Broken Windows
Who knows what evil lurks in what you are about to read.
So be warned, this may well be defected; could be infected; selected to be rejected since it’s suspected… Or so sayeth the oracles of Redmond. As I type I am toying with the tools of doom and had best get with the program, abandon the program, and reporgam – or so say the well-programed.
Yup. I’m still using Windows 7. And I feel so unsupported.
It’s a remarkable thing. Just a week ago my little Dell laptop was just humming along, googling docs, processing words, booking faces, and all the other myriad tasks we’ve delegated to these digital wonderworkers that have integrated themselves into our lives like so many circuits into a silicon chip. But on Jan. 14, just like that, all that came to a crashing climax, or so we were told. The Gates of Hell were opened and a virtual cloudburst of evil would be loosed upon the laggards who had neglected to upgrade. We were, alas, vulnerable to all manner of malware, spyware, bloatware, kitchenware, and all other sorts of things to be wary of. We would be phished and dished, our data squished; our drives corrupted, our lives disrupted. Our searches fraught, we’d be distraught – but we could have the peace of zen, if we’d all just install Windows 10.
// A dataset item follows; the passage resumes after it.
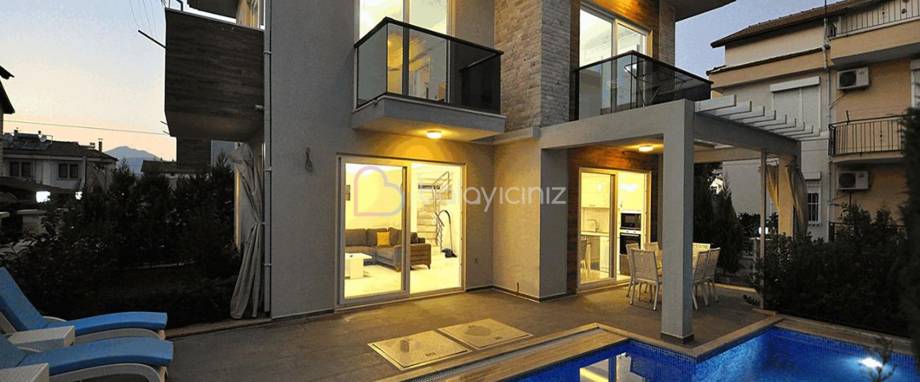 Yemek HizmetiFethiye Merkez mevkisinde konumlanan Villa Aydın, konforlu ve kaliteli bir tatil geçirmek isteyen aileler ve arkadas gruplari için oldukça ideal bir seçenektir. Doga ile iç içe konumlanan seçenegimiz, 4 yatak odali 8 kisi kapasiteli, konforlu dizayn edilen Villa Aydın' da ihtiyaciniz olan her sey mevcuttur. Eğlence ve alışverişin tadını çıkaracağız Hisarönü bölgesine araçla 5 dakika uzaklıkta, dolmuş duraklarına yürüme mesafesinde olup Ölüdeniz Plajına ise araçla 10 dakikalık sürüş meafesi uzaklığındadır. size sadece sevdiklerinizle beraber tatilin tadini çikarmak kaliyor.

You’d have to be (Micro)soft in the head not to.
And despite my exceptional annoyance at having to pay good money to replace something that I know works well with something that probably won’t I’d probably do as I’m told for the same reason medieval witch-hunters burned their neighbors at the stake – fear and not knowing any better.
Trouble is, I can’t.
Y’see, my loyal little machine isn’t up to it. For these last years it’s been playing at the top of it’s digital game, it’s RAM is maxed, pushing it harder will just cause it mega-hurts, there is no up to its grade. It is what it is, and that’s just fine with me.
No matter what the Microsofties think.
Outdated? Well, maybe. But it still computes way faster than I can type; Googles more quickly than I can page through Funk and Wagnalls. It Gmails, Hotmails, and provides more online time-wasters than I have time to waste. In short, it does everything I need done and then some, but that’s not supposed to be good enough for me.
So I get the old heave-ho, right into the cyber-dumpster, along with everybody else who up until last Tuesday was doing quite fine, thank you.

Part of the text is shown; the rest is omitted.